Il tempo è danaro recita un vecchio adagio ma se davvero in un futuro prossimo l’intero sistema economico e sociale si basasse sul tempo come moneta? E’ questo l’incipit da cui parte il regista e sceneggiatore di culto Andrew Niccol, autore dello script di “The Truman show” e dietro la macchina da presa nei film cult “Gattaca ““ La porta dell’universo” e “Lord of War”, che dopo sei anni d’assenza torna con un nuovo action-movie futuristico in cui le realtà  manipolate e l’antropologia fantascientifica, suoi temi dominanti, vengono riproposte sullo schermo all’interno di una società  futuribile in cui l’umanità  è sottoposta ad una struggle for life frenetica ed inquietante.

Questa volte sceglie come protagonista la stella del pop Justine Timberlake che interpreta l’intrepido Wills Salas, un giovane abitante di un futuro distopico in cui il gene dell’invecchiamento è stato debellato. Allo scattare del venticinquesimo anno d’età  si smette d’invecchiare e sul braccio di ognuno appare un countdown con i giorni, le ore e i minuti che mancano alla fine della propria esistenza. Will abita con la madre in un quartiere povero in cui la corsa alla sopravvivenza è giornaliera, ogni mattina ha solo 22 ore per lavorare e cercare di guadagnarsi altro tempo prezioso per vivere ancora un giorno. A qualche miglio di distanza pero’ c’è la società  perfetta dei miliardari di New Greenwich con all’attivo centinaia di anni e più da spendere che ambisce all’eternità  e vive giornate oziose lontane dai pericoli per timore di perderla.
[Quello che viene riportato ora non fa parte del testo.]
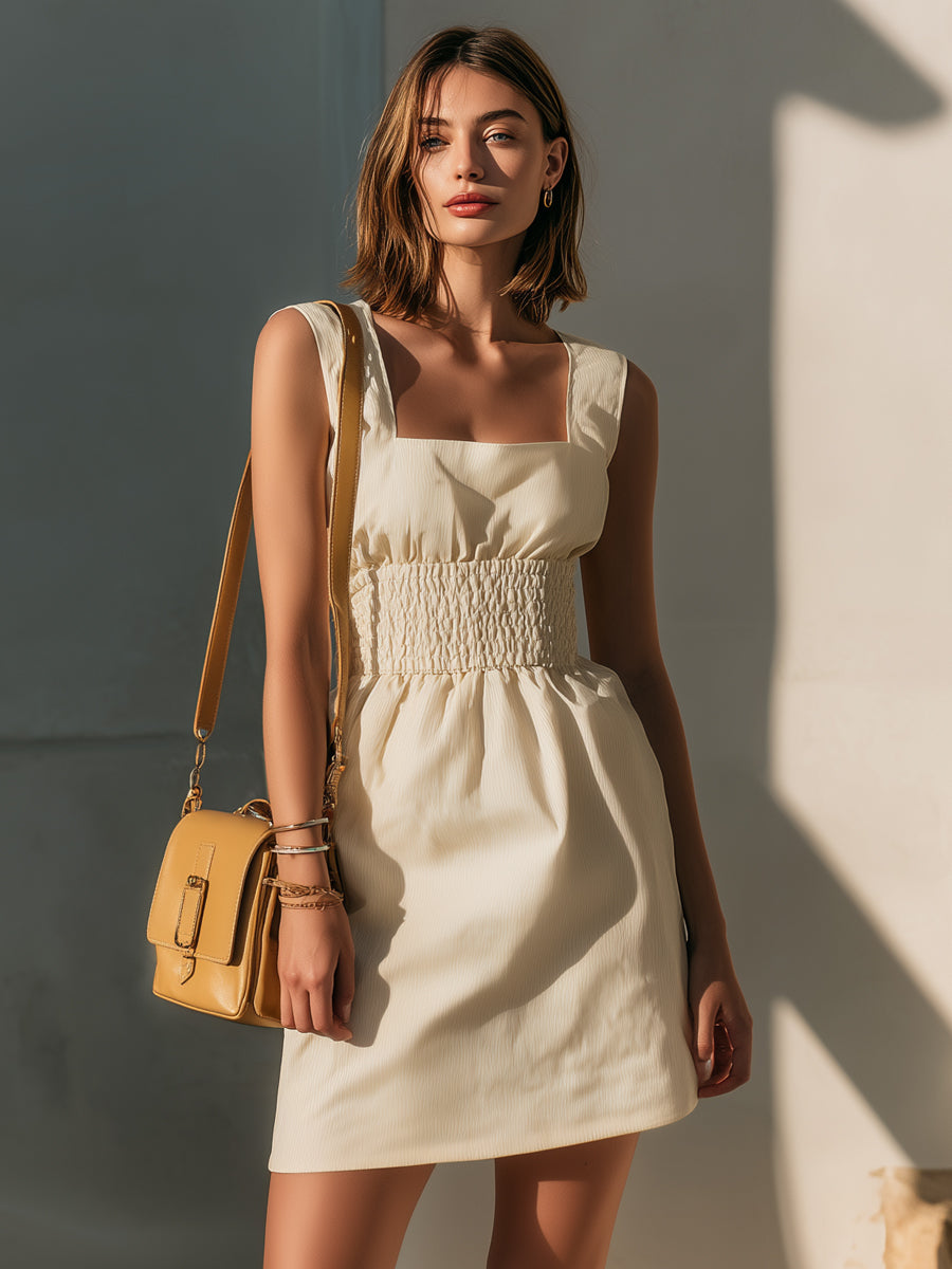 Crovaya presents a refined sleeveless mini dress defined by sculpted simplicity and modern feminine tailoring. Designed with a structured square neckline that beautifully frames the collarbone, this piece maintains an elegant balance of minimalism and poised sophistication. The standout element lies at the waist—a finely smocked detail that gathers the fabric with gentle definition, enhancing the silhouette while offering flexible comfort and a flattering cinched shape.

All’interno di una società  futuribile e una divisione rigorosa degli spazi Niccol s’interroga nuovamente sul destino dell’umanità , in cui smettiamo di essere persone e diventiamo merce, scambiabile e trattabile nel mercato della vita. Come già  nel suo piccolo capolavoro sci-fi di qualche anno fa, “Gattaca”, la società  è suddivisa in due classi, i poveri mortali e i ricchi immortali, scartando l’ipotesi di superiorità  genetica per propendere verso quella socio-economica come disuguaglianza sociale. Lo spunto di partenza è stimolante e conturbante ma il risultato finale non è all’altezza delle aspettative. I contenuti etici, morali ed estetici non vengono approfonditi a dovere a discapito di una spettacolarizzazione eccessiva e a volte perfino fuori luogo. Nel dipanarsi la storia perde mordente ed originalità  cadendo nel convenzionale e nella prolissità  avvitandosi su sè stesso con conseguente prevedibilità  dello sviluppo narrativo che risulta farraginoso e asettico.

Justin Timberlake e Amanda Seyfried dal canto loro non hanno il carisma e l’appeal necessario per reggere la pellicola e contribuire a dare spessore alla psicologia dei personaggi.
Quella che poteva ambire a diventare una nuova pellicola di culto di genere si rivela un ordinario film d’intrattenimento di fantascienza, come un amante gentile che seduce, illude ed abbandona presto.